BMCR 2001.06.12

Aristotle’s Philosophy of Biology: Studies in the Origins of Life Science

, Aristotle's philosophy of biology : studies in the origins of life science. Cambridge studies in philosophy and biology. New York: Cambridge University Press, 2001. xxiii, 321 pages : illustrations ; 24 cm.. ISBN 0521650275. $22.95.

Jim Lennox is one of a group of scholars who in the second half of the twentieth century have put our understanding of Aristotle’s biological works, and of his conception of biology as a science, on a firmer foundation than it has been since antiquity. In ch.5, ‘The Disappearance of Aristotle’s Biology: a Hellenistic Mystery’, L. argues that no one after Theophrastus and before Albert the Great grasped what Aristotle was trying to do—not even Galen, which L. rightly suggests should give us pause before using him as a source for writers whose works are now lost. As L. emphasises, many biologists since Albert have learned from Aristotle’s practice in scientific enquiry. It took longer for those whose primary concern was to study Aristotle himself to appreciate what he was doing in the biological works. The present volume, which includes thirteen of L.’s papers, is important not only for specialists in the history of science but also to students of Aristotle in general because of the connections between Aristotle’s biology and his physics (in relation to chance and the spontaneous) and his metaphysics.
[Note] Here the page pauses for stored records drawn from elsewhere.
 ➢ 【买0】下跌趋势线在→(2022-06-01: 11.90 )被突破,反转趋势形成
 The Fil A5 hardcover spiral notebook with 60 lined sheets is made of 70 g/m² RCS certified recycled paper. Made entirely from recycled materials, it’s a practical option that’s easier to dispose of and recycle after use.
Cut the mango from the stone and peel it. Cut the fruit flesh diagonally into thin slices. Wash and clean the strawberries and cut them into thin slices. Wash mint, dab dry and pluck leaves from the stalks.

The bringing together of the papers into a single volume not only makes them easier to consult but also highlights L.’s distinctive views and contributions and brings with it the benefit of a single subject-index. One paper (ch.7, ‘Kinds, Forms of Kinds, and the More and Less in Aristotle’s Biology’) is new, though drawing on earlier work (cf. p.160 n.). In addition, the volume develops L.’s views in a short general introduction and in a systematic introduction to each group of papers.
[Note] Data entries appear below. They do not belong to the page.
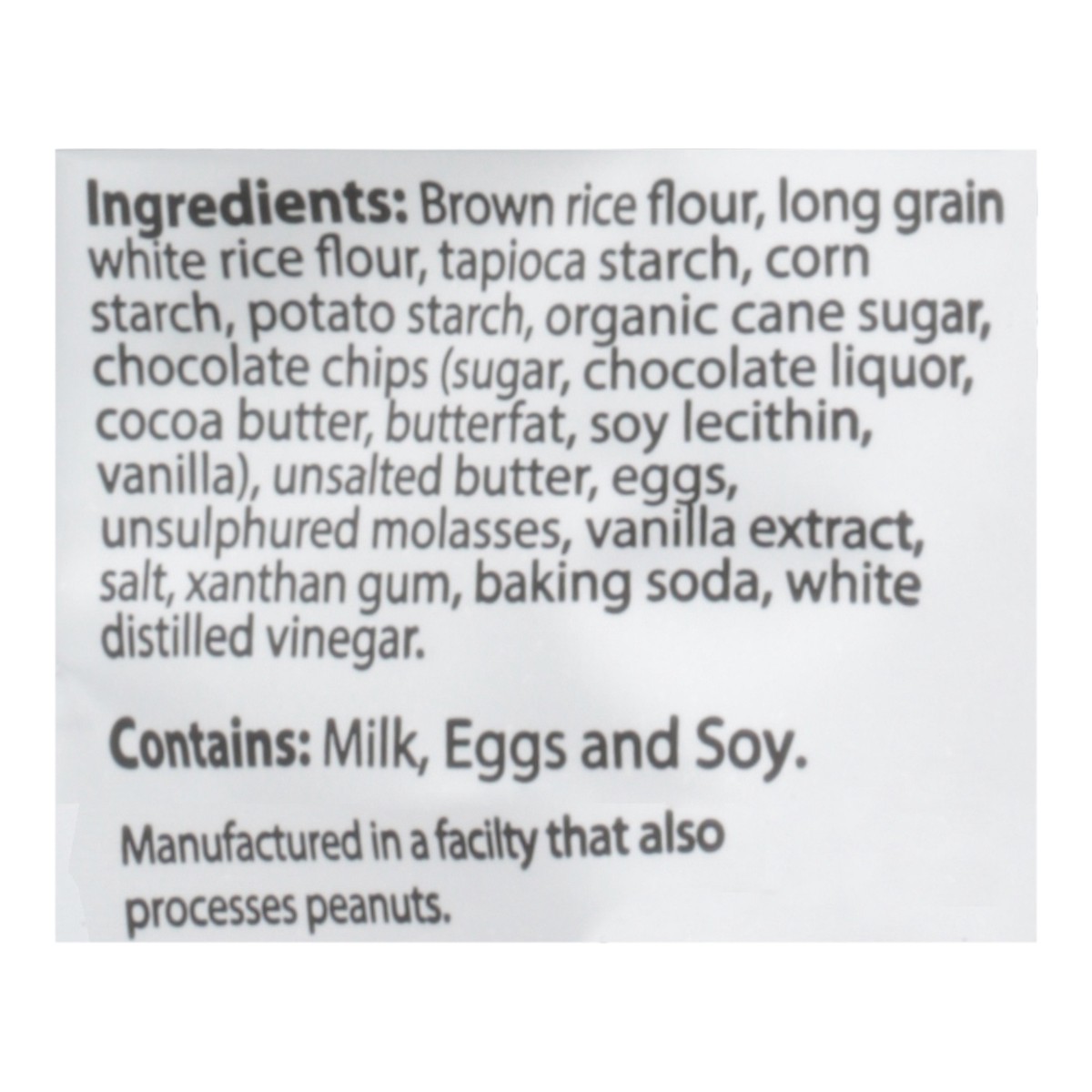 Brown Rice Flour, Long Grain White Rice Flour , Tapioca Starch, Corn Starch, Potato Starch, Organic Cane Sugar, Chocolate Chips (Sugar, Chocolate Liquor, Cocoa Butter, Butterfat, Soy Lecithin, Vanilla…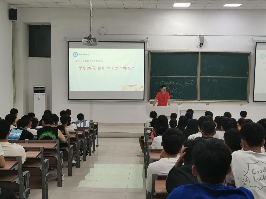 9月21日晚辅导员沈竞成在致知楼A111召开新生入学系列主题班会,为同学们开展文明行为养成与理想信念教育。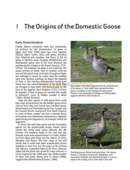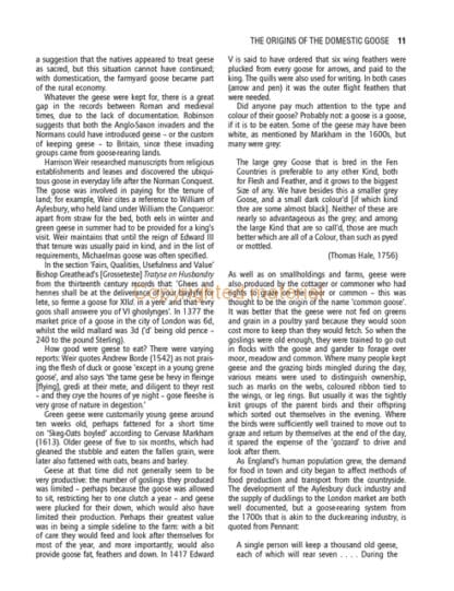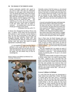 Domestication of the goose from the wild, and development of the breeds.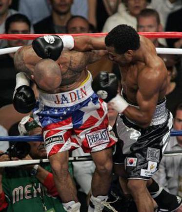 Как сообщает Reuters, сегодня ночью в Лас-Вегасе американец Шейн Мосли завоевал титул временного чемпиона WBC в категории до 66,7 кг, победив своего соотечественника Луиса Колласо. Бой проходил с существенным преимуществом Мосли, который в 11-м раунде отправил своего соперника в нокдаун. По итогам 12 раундов все трое судей зафиксировали внушительный перевес Мосли: 118-109 (двое судей) и 119-108. |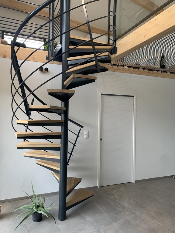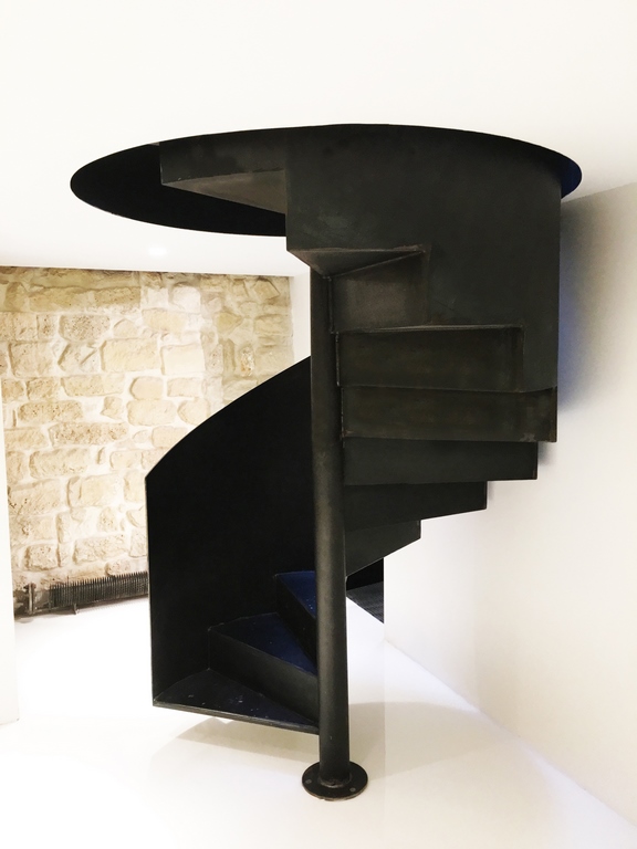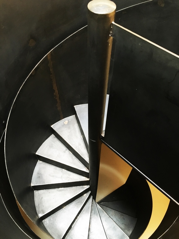Une tôle pliée formant d’un seul tenant marche et contremarche s’enroule autour d’un mât central.

The papers are divided into three groups. The first group, “Inquiry and Explanation” (chs. 1-5) considers the relation between Aristotle’s account of scientific understanding in the Posterior Analytics and his actual practice in the zoological works. Pierre Pellegrin has argued1 that the Historia Animalium is to be understood not in terms of a Linnaean-type classification of animals by genera and species, a goal which it signally fails to achieve and clearly had no intention of achieving, but as an investigation of the characteristics that differentiate living creatures, for example, different means of respiration or of defence. L., along with Allan Gotthelf,2 argues (ch.1, ‘Divide and Explain: the Posterior Analytics in Practice’; ch.2, ‘Between Data and Demonstration: the Analytics and the Historia Animalium; ch.4, ‘Putting Philosophy of Science to the Test: the Case of Aristotle’s Biology’) that this investigation is undertaken by Aristotle with a view to correlating different features so that some may function as co-extensive middle terms in the syllogistic explanation of the others, in the way prescribed in the Posterior Analytics; for example, deer alone shed their horns because deer alone have solid horns (28). It is this, L. argues (63), that explains why certain creatures with unusual features are mentioned repeatedly but only for those features.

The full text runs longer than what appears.